Für einen Blick über die Grenzen des Wattenmeeres hinaus präsentierte die Hauptrednerin Dr. Nathalie Niquil vom französischen Nationalen Zentrum für wissenschaftliche Forschung ihre Arbeit über Nahrungsnetze vor der französischen Küste. „Der Klimawandel, insbesondere durch steigende Temperaturen, übt einen unbestrittenen Druck auf unsere Artenvielfalt aus“, so Niquil. „Die Auswirkungen zeigen sich in Veränderungen in der Verteilung der Arten sowie in veränderten Prozessen wie der Photosynthese oder dem Wachstum der Arten. Sie führen zu einer Veränderung in der Funktionsweise der Ökosysteme. Die Untersuchung von Nahrungsnetzen, wie der Verbindungen zwischen Beutetieren und Räubern, ermöglicht es, das Zusammenwirken dieser Veränderungen mit anderen Belastungsfaktoren im Zusammenhang mit menschlichen Tätigkeiten wie Fischerei, Verschmutzung oder der Veränderung von Meereslebensräumen zu erforschen.“
Dr. Sabine Horn vom Alfred-Wegener-Institut, Helmholtz-Zentrum für Polar- und Meeresforschung, fasste in ihrem Vortrag die regionale Perspektive zusammen. „Das Nahrungsnetz des Wattenmeeres ist ein komplexes System, das Güter und Dienstleistungen für die Menschheit bereitstellt. Auswirkungen wie steigende Temperaturen, eingeschleppte Arten und Lebensraumzerstörung führen zu gravierenden Veränderungen in seiner Struktur und Funktionsweise”, so Horn. Insgesamt wurden in neun Vorträgen Einblicke in die verschiedenen trophischen Ebenen des Nahrungsnetzes im Wattenmeer gegeben, von der Primärproduktion bis hin zu den Spitzenräubern.
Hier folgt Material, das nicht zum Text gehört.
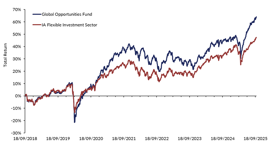 Source: FE fundinfo. 18/09/2018 to 30/09/2025. GBP total return, C Acc units. Past performance is not a guide to future performance. The value of an investment and any income from it can fall as well as rise. You may not get back the amount you originally invested.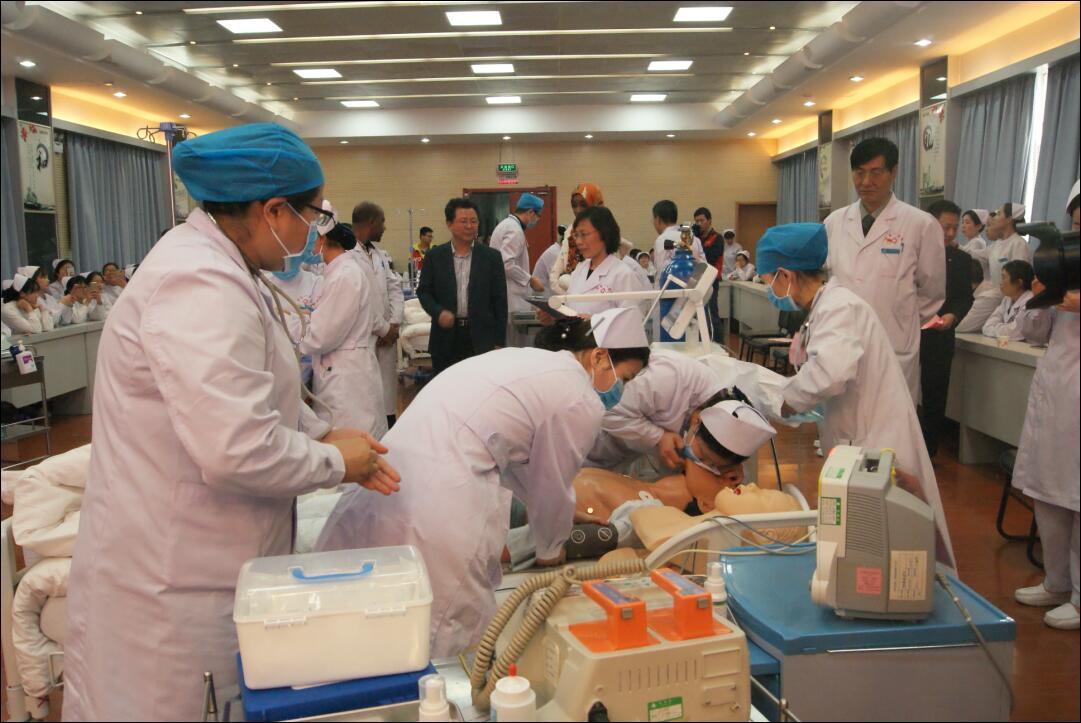 大赛首先由主管护理的白敏芳纪委书记致辞,医务科副科长李晓林宣读比赛规则。刘宽、胡雪慧、赵昆、李延、胡泽华、任艳萍六位专家担任评委。在总指挥宋国忠副院长宣布比赛正式开始的口令下,10支团队依次上场。在近2小时的赛程中,各组选手依据主持人给出的抢救场景进行急救配合演练,他们全力以赴、分秒必争,每组6名队员,各司其职,齐心协力,根据患者病情变化,在组长的指挥下共同完成给药、治疗等抢救措施。抢救现场忙而不乱,有序的将心肺复苏、简易呼吸气囊、气管插管、呼吸机、心电监护、除颤、静脉输液等技术操作融为一体。在整个比赛中,张世明院长、崔明远书记、姬新才主任等多位领导、专家分别走进比赛现场,近距离观看选手操作细节,同时紧张的急救场景也吸引了在啄木鸟

Der Tag endete mit einer Feier zum Abkommen zum Schutz der Seehunde im Wattenmeer (WSSA), das vor 31 Jahren, am 1. Oktober 1991, in Kraft trat. „Als Spitzenraubtiere im Nahrungsnetz spielen die Seehunde eine Schlüssel-Rolle im Ökosystem des Wattenmeeres“, sagt Bernard Baerends, Exekutivsekretär des Gemeinsamen Wattenmeersekretariats. „Doch sie sind durch viele menschliche Aktivitäten im Wattenmeer bedroht und bedürfen daher eines besonderen Schutzes.“ Ziel des Abkommens ist es, auch durch eine enge Zusammenarbeit bei Forschung und Monitoring sowie durch eine stärkere Sensibilisierung der Öffentlichkeit eine natürliche Bestandsgröße bei den Seehunden als integralem Bestandteil dieses Ökosystems zu erreichen und zu erhalten. „Mit stabilen Beständen von etwa 39.500 Seehunden und 9.000 Kegelrobben haben sich unsere Schutzbemühungen auf Basis dieser Vereinbarung als Erfolg erwiesen“, so Baerends abschließend. Aufgrund der Pandemie war eine Feier im Herbst 2021 nicht möglich.
Der Wattenmeertag wird seit 2006 zusammen vom Gemeinsamen Wattenmeersekretariat und der Nationalparkverwaltung Niedersächsisches Wattenmeer organisiert.